* **Records from a data source**:
━━━━
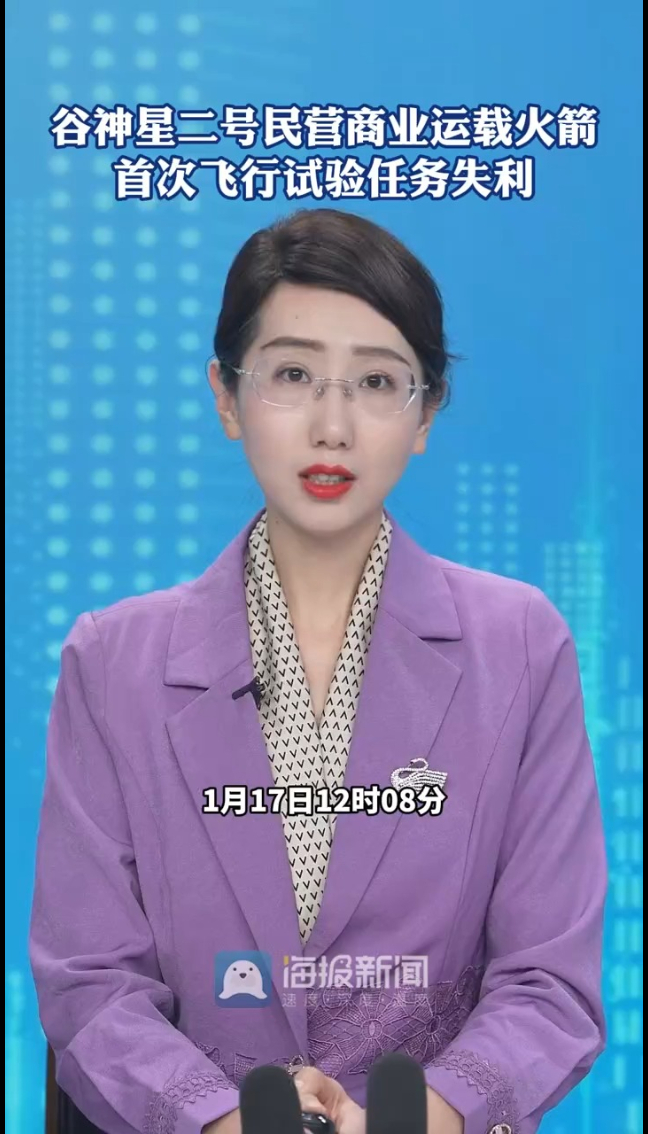 主播说丨谷神星二号民营商业运载火箭首次飞行试验任务失利 09:45 原创大众新闻·海报新闻 微信扫码扫码下载客户端1月17日12时08分,谷神星二号民营商业运载火箭在酒泉卫星发射中心点火升空,火箭飞行异常,首次飞行试验任务失利。具体原因正在进一步分析排查。(海报新闻综合新华社编辑 左晓明 潘雯 张坤)
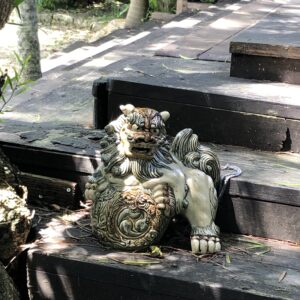 カフェの入り口とカッコいいシーサー
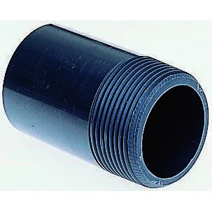 Nipples. Adaptor nipple PVC-U ideally used in the water treatment, shipbuilding and chemical process industries. Thread BSP taper male to plain spigot Maximum working pressure 9 bar at 20°C
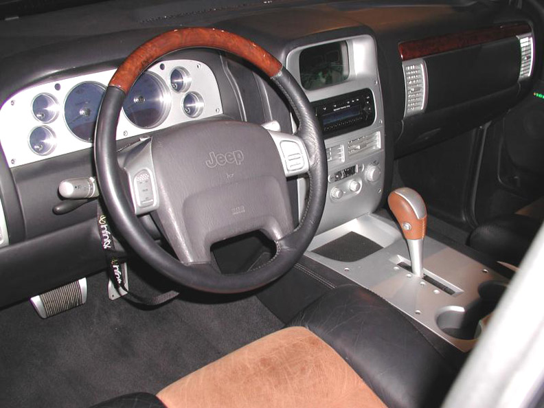 Although the instrument panel is actually modified from the Jeep Grand Cherokee, most Grand Cherokee owners would not recognize it due to the added materials and colors. The instrument panel is detailed with chrome and a brushed aluminum surface similar to the 1998 Plymouth Pronto Spyder concept car. Select use of light burl wood on the steering wheel and instrument panel also accent the interior. Navy blue is the primary color of the interior and seats with contrasting cognac leather trim inserts.
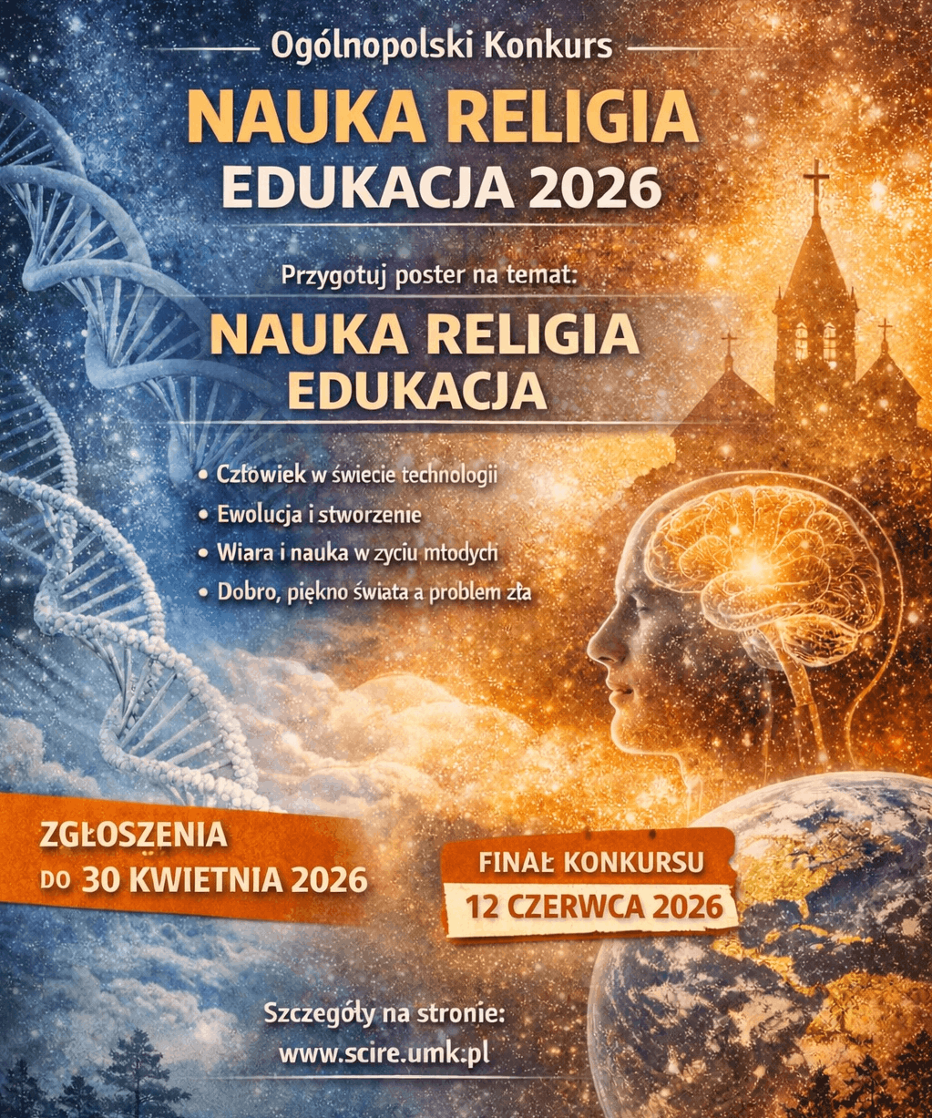 Ogólnopolski Konkurs „Nauka, religia, edukacja 2026” adresowany jest do uczniów szkół ponadpodstawowych 🎓, którzy w formie posteru naukowego 🖼️📊 podejmą temat relacji nauki i religii we współczesnej edukacji 🔬✝️📚.
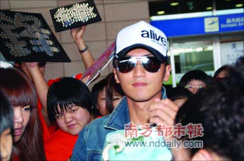 8月9日,谢霆锋忙完北京的活动,马不停蹄地赶到上海,为奥运录制节目。机场大批歌迷守候,谢霆锋头戴alive棒球帽,大墨镜加上一身的牛仔服,显得十分引人注目,一出现就吸引了大批粉丝围上前。
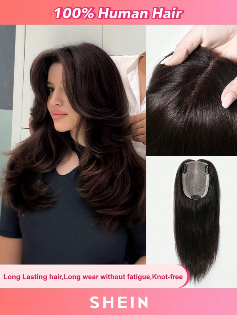 Postiches naturels noirs pour femmes, pièces de cheveux humains réels pour femmes avec des cheveux clairsemés, postiches de cheveux en dentelle, extensions de cheveux clip-in
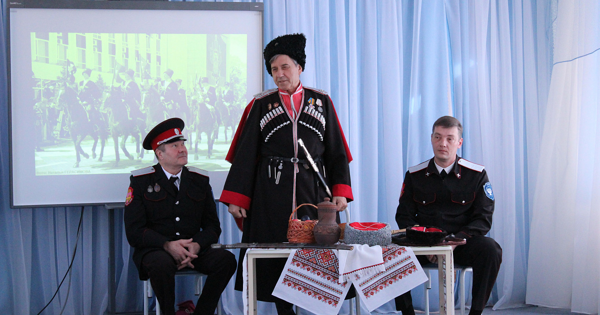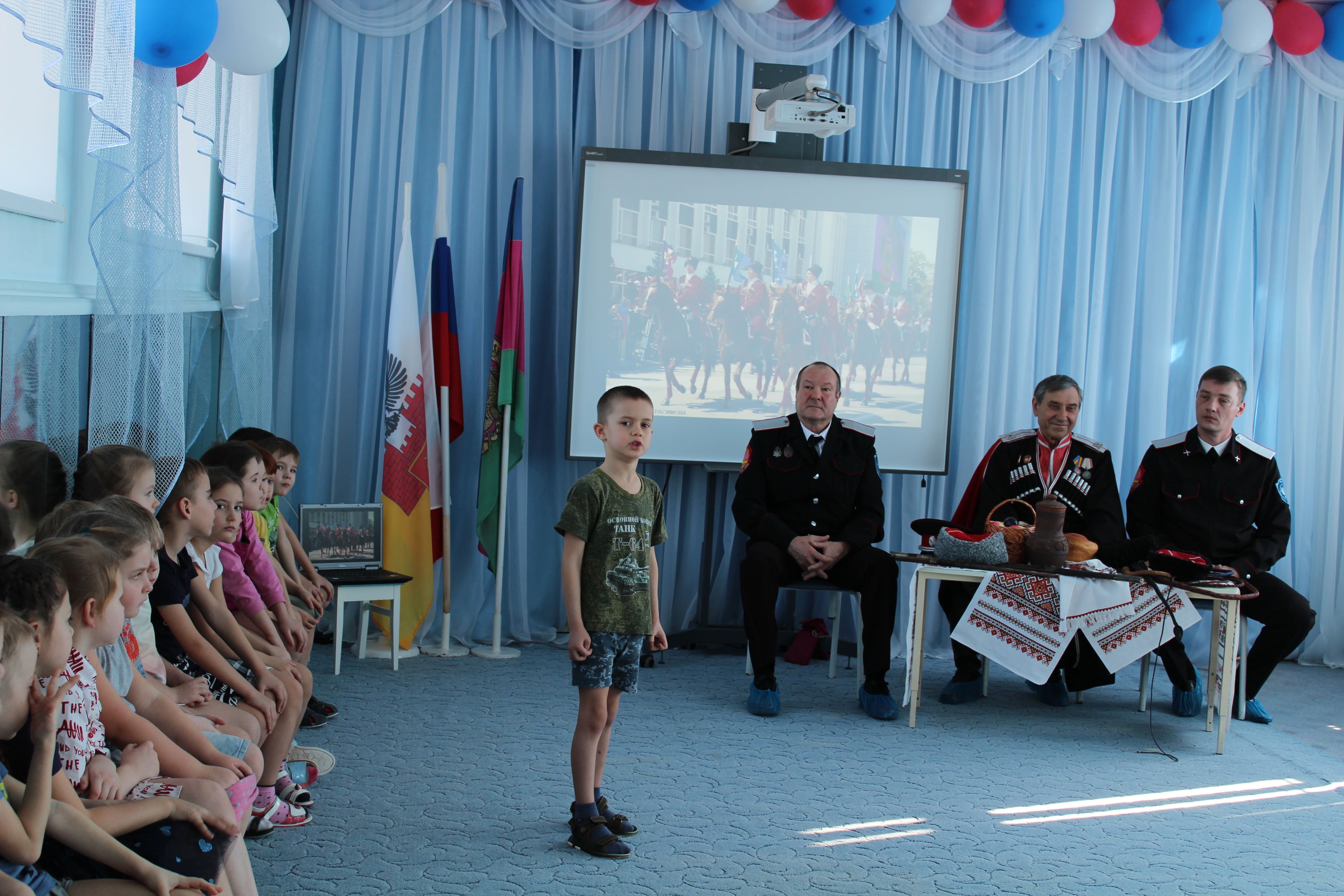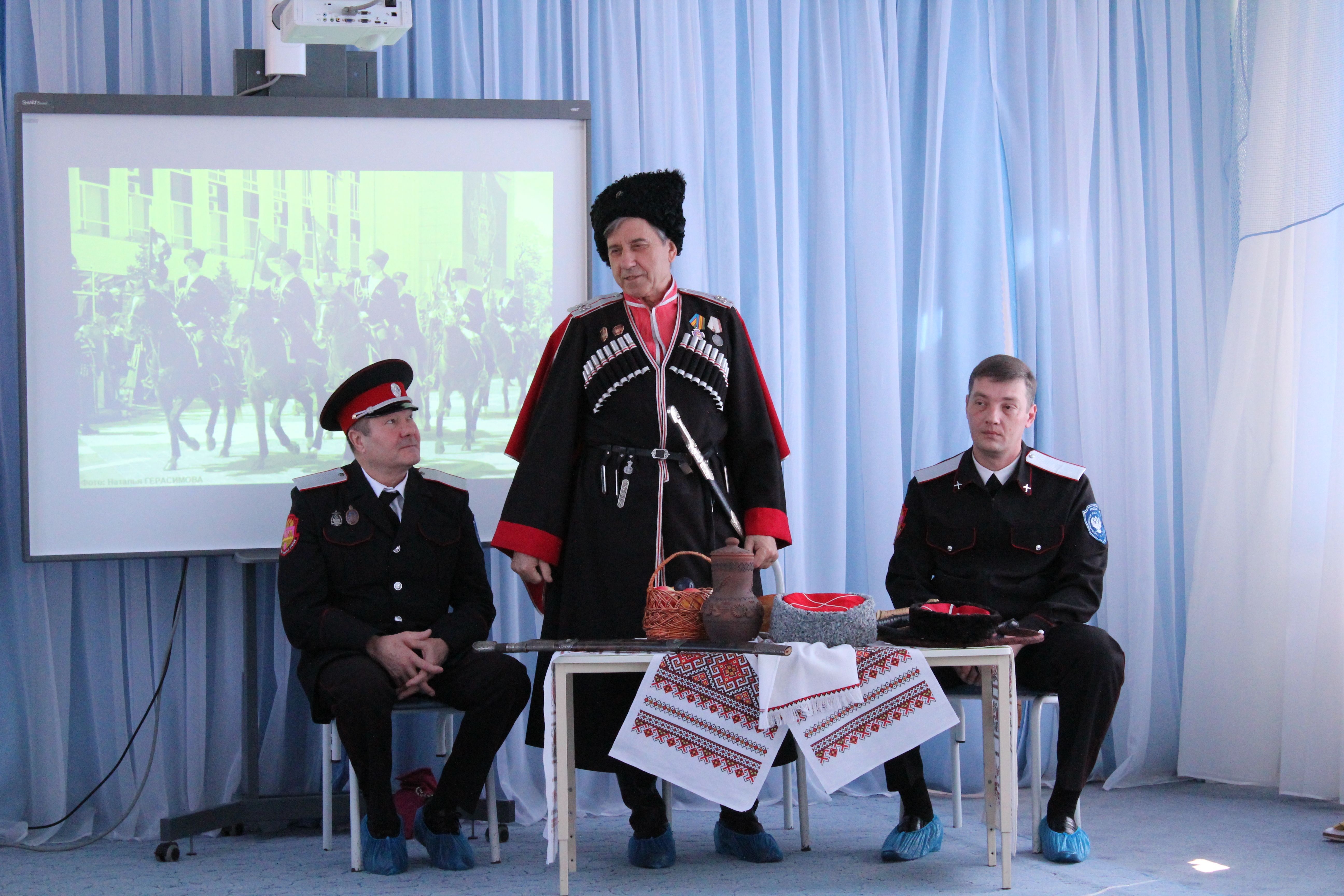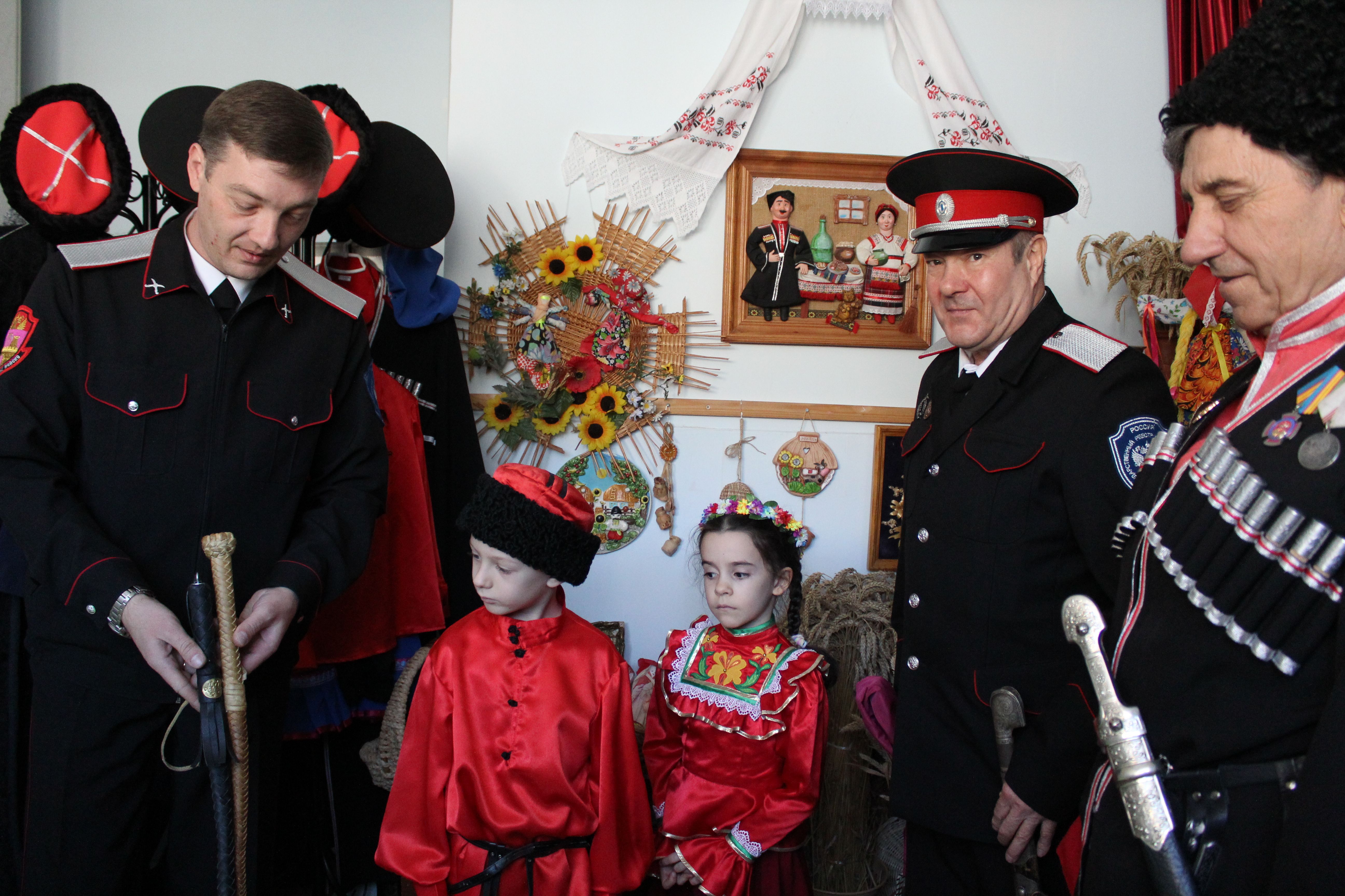 Председатель совета стариков есаул Батычко Станислав Васильевич рассказал ребятам об истории возникновения Кубанского казачьего войска, о первых казаках-переселенцах, о быте и традициях кубанского народа. Казаки Концевой Борис Михайлович и Капустин Константин Владимирович продемонстрировали атрибуты казачьего обмундирования и оружия, рассказали об особенностях службы казаков.
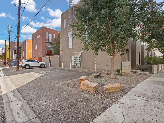 Perfect urban townhome in a gated Downtown community with mature shade trees! This 3-story home features refrigerated air, bamboo flooring, and courtyard views from every level. Main floor offers a cozy living area and half bath. The 2nd level includes a gourmet kitchen with stainless steel appliances, granite countertops, and flex space ideal for dining, office, or guest area. The 3rd floor owner's suite features a balcony, two closets, washer/dryer, and full bath with jetted tub. Prime location near Old Town, Downtown, the Zoo, Tingley Beach, breweries, restaurants, nightlife, UNM, CNM, I-25, and the airport.
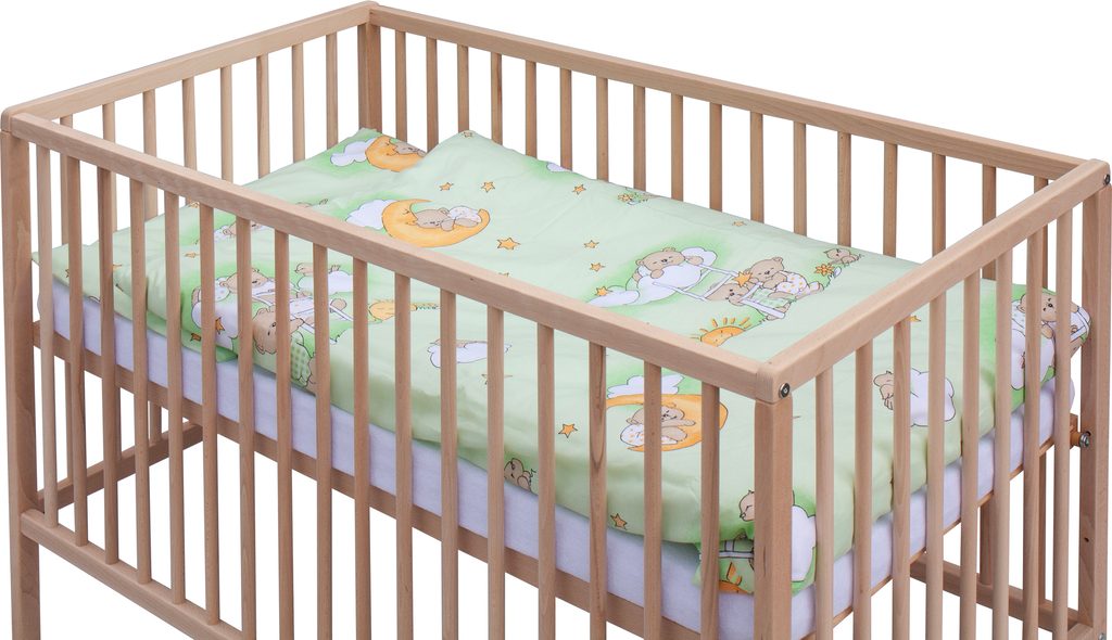 1. Dětská dřevěná postýlka 120 x 60 cm - přírodní, masiv buk, 3 vyndavací příčky, 2 polohy roštu
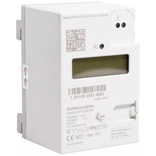 Műszaki adatok: Frekvencia: 50 Hz · Gyártói szín: Fehér · Hálózati feszültség (max.): 400 V/AC · Hálózati feszültség (min.): 230 V/AC · Kijelzés: 6 számjegyű LC kijelző · Kijelző (digitális/mechanikus/analóg): digitális · MID konform: Igen · Méret, hossz: 93 mm · Méret, magasság: 135 mm · Méret, szélesség: 90 mm · Pontossági osztály: A/B · Saját fogyasztás: - Aktív teljesítmény az Un
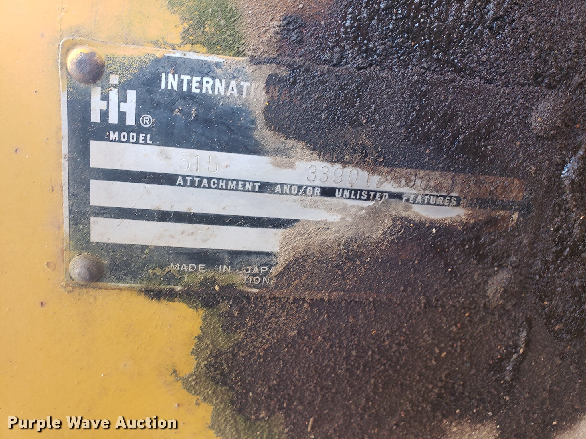 Purple Wave is selling a used Wheel Loader in Missouri. This item is a 1978 International 515 wheel loader with the following: Detroit Diesel four cylinder diesel engine, Powershift transmission, 3F-3R gears, Enclosed cab, Two-stick loader controls, 94"W bucket, 17.5-25 tires, Serial 3390125J061031
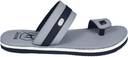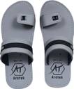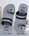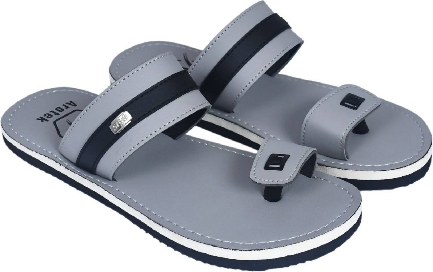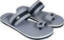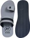 These stylish men's toe-ring sandals feature a contemporary design with a grey and black synthetic upper. The broad strap across the midfoot and the comfortable toe-ring provide a secure fit. The flat sole is designed for everyday comfort, featuring a layered look with grey, white, and black accents, and a textured outsole for enhanced grip. Perfect for casual outings, these sandals can be effortlessly paired with a variety of outfits including kurtas, jeans, or shorts for a relaxed yet fashionable look.
━━━━
Every line above is to be written out unchanged, with the pictures omitted.

 主播说丨谷神星二号民营商业运载火箭首次飞行试验任务失利 09:45 原创大众新闻·海报新闻 微信扫码扫码下载客户端1月17日12时08分,谷神星二号民营商业运载火箭在酒泉卫星发射中心点火升空,火箭飞行异常,首次飞行试验任务失利。具体原因正在进一步分析排查。(海报新闻综合新华社编辑 左晓明 潘雯 张坤)
 カフェの入り口とカッコいいシーサー
 Nipples. Adaptor nipple PVC-U ideally used in the water treatment, shipbuilding and chemical process industries. Thread BSP taper male to plain spigot Maximum working pressure 9 bar at 20°C
 Although the instrument panel is actually modified from the Jeep Grand Cherokee, most Grand Cherokee owners would not recognize it due to the added materials and colors. The instrument panel is detailed with chrome and a brushed aluminum surface similar to the 1998 Plymouth Pronto Spyder concept car. Select use of light burl wood on the steering wheel and instrument panel also accent the interior. Navy blue is the primary color of the interior and seats with contrasting cognac leather trim inserts.
 Ogólnopolski Konkurs „Nauka, religia, edukacja 2026” adresowany jest do uczniów szkół ponadpodstawowych 🎓, którzy w formie posteru naukowego 🖼️📊 podejmą temat relacji nauki i religii we współczesnej edukacji 🔬✝️📚.
 8月9日,谢霆锋忙完北京的活动,马不停蹄地赶到上海,为奥运录制节目。机场大批歌迷守候,谢霆锋头戴alive棒球帽,大墨镜加上一身的牛仔服,显得十分引人注目,一出现就吸引了大批粉丝围上前。
 Postiches naturels noirs pour femmes, pièces de cheveux humains réels pour femmes avec des cheveux clairsemés, postiches de cheveux en dentelle, extensions de cheveux clip-in
 Председатель совета стариков есаул Батычко Станислав Васильевич рассказал ребятам об истории возникновения Кубанского казачьего войска, о первых казаках-переселенцах, о быте и традициях кубанского народа. Казаки Концевой Борис Михайлович и Капустин Константин Владимирович продемонстрировали атрибуты казачьего обмундирования и оружия, рассказали об особенностях службы казаков.
 Perfect urban townhome in a gated Downtown community with mature shade trees! This 3-story home features refrigerated air, bamboo flooring, and courtyard views from every level. Main floor offers a cozy living area and half bath. The 2nd level includes a gourmet kitchen with stainless steel appliances, granite countertops, and flex space ideal for dining, office, or guest area. The 3rd floor owner's suite features a balcony, two closets, washer/dryer, and full bath with jetted tub. Prime location near Old Town, Downtown, the Zoo, Tingley Beach, breweries, restaurants, nightlife, UNM, CNM, I-25, and the airport.
 1. Dětská dřevěná postýlka 120 x 60 cm - přírodní, masiv buk, 3 vyndavací příčky, 2 polohy roštu
 Műszaki adatok: Frekvencia: 50 Hz · Gyártói szín: Fehér · Hálózati feszültség (max.): 400 V/AC · Hálózati feszültség (min.): 230 V/AC · Kijelzés: 6 számjegyű LC kijelző · Kijelző (digitális/mechanikus/analóg): digitális · MID konform: Igen · Méret, hossz: 93 mm · Méret, magasság: 135 mm · Méret, szélesség: 90 mm · Pontossági osztály: A/B · Saját fogyasztás: - Aktív teljesítmény az Un
 Purple Wave is selling a used Wheel Loader in Missouri. This item is a 1978 International 515 wheel loader with the following: Detroit Diesel four cylinder diesel engine, Powershift transmission, 3F-3R gears, Enclosed cab, Two-stick loader controls, 94"W bucket, 17.5-25 tires, Serial 3390125J061031
 These stylish men's toe-ring sandals feature a contemporary design with a grey and black synthetic upper. The broad strap across the midfoot and the comfortable toe-ring provide a secure fit. The flat sole is designed for everyday comfort, featuring a layered look with grey, white, and black accents, and a textured outsole for enhanced grip. Perfect for casual outings, these sandals can be effortlessly paired with a variety of outfits including kurtas, jeans, or shorts for a relaxed yet fashionable look.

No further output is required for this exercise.